If there is one podcast you listen to this year, switch on Leather and meat on the inside at COP27 from ILM’s View from the Top series. It involves a discussion with Stephen Sothmann, President of the Leather and Hide Council of America, who attended COP27 along with Eric Mittenthal, Chief Strategy Officer at the North American Meat Institute.
While there was a tiny presence at COP26 in Glasgow, where I had hoped in vain for several leather industry organisations to have stands, this was the first time the global leather industry has gotten seriously involved. Having Stephen Sothmann there was particularly useful since his lobbying skills allows him to quickly get to grips with what is going on.
COP27 was clearly going to be fraught. Following on from Glasgow, the idea was that countries would arrive with improved promises, but we started to see backtracking even before 2021 ended and then Russia’s senseless attack on Ukraine pushed worried countries back towards fossil supplies. The last opportunity for Russia to use its fossil fuels as a leverage in war.
Fossil fuel lobby
We were also forewarned that food and agriculture would be discussed with both the food and fossil lobbies blaming livestock emissions for planetary enemy rather than coal, oil, gas and fertiliser production for crops grown on unsuitable terrain; or even considering food waste.
Listening to the podcast, both the value of being present and the even greater danger of being absent comes across very clearly. Fashion is added in as a key topic where the podcast highlights the role the leather industry has already played in contesting inaccurate indices such as the long contested Higg Index. The value of engagement is identified many times in this entertaining podcast.
A need to step up to the plate
The question must be asked about the rest of the industry? It is a huge step to have a leather representative there but what about the wider industry? Should not the International Council of Tanners have been leading a bigger group covering more of the world industry with a skilled team able to cover multiple discussions simultaneously? Who represented Africa and vital need for the jobs leather offers, and grassland needs with well managed grazing to sequester carbon? Listeners learn of many important discussions with major international figures and CEOs present: people funding meat and material substitutes and the CEOs from brands that are currently considering whether or not leather is a suitable material for the future.

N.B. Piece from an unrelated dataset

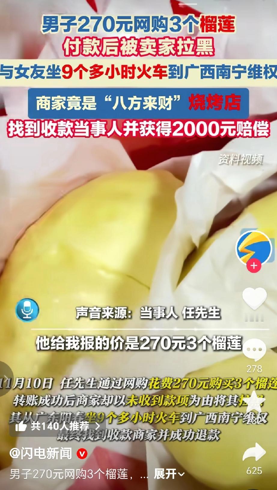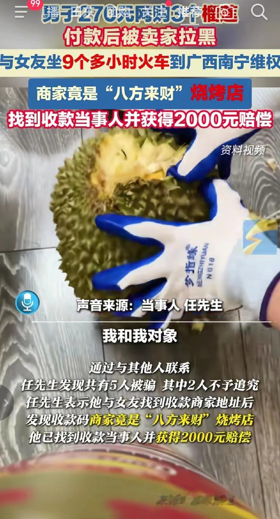 11月10日,任先生花费270元网购3个榴莲,转账成功后被卖家拉黑。一气之下便和女友从广东阳春坐9个多小时火车到广西南宁维权,他们通过IP地址和商家名片的门牌号,发现收款商家竟是一家名为“八方来财”的烧烤店,最终找到收款当事人,获得包含270元货款在内的2000元赔偿。要是不来找,这270元的货款很可能就打水漂了,而且卖家的这种欺诈行为也会继续坑害其他消费者。(来源于@闪电新闻) ​

Individual tanners and stakeholders need to get the message out loud and clear that leather does not hold a secure or privileged position. Because tanners know it is special and good does not make it immune from challenge; and the challenges are many, from different directions, passionately supported and very well funded. It is far too late to sit back and expect others to reverse the trend against leather with an occasional corrective pronouncement.
The fight to get leather recognised as a sustainable material with added longevity that can help the planet back on to the 1.5oC track needs to be a relentless one. If you have not joined and paid your dues to one or more of the 30 companies that co-wrote and signed the COP27 statement, do so now. You cannot expect the LHCA, Leather Naturally and others to do all the work on their own with limited funds and dependent almost wholly on industry volunteers.
The COP26 Leather Manifesto was a perfect start to a collaborative approach and with messaging for the current moment in history and, as the podcast explains, the COP27 update simplifies the language and extends the process. They are outstanding documents to help the industry to get the conversation going in all the environments we need to be present. Documents that can be sent to politicians and influencers of all sorts.
Fashion, food, agriculture, deforestation, circularity, energy and water are all areas tanners must be involved in. We need to have a full understanding of where we stand, areas we must improve, what those against leather are saying and be present at the table.
What will transition to net-zero emissions entail?
And if our leadership bodies can keep communicating as they have to produce these manifestos, then why not push this further and start examining what transition to net zero emissions will entail? Engaging and planning for better are not insurmountable edifices for the leather industry but correct and achievable objectives.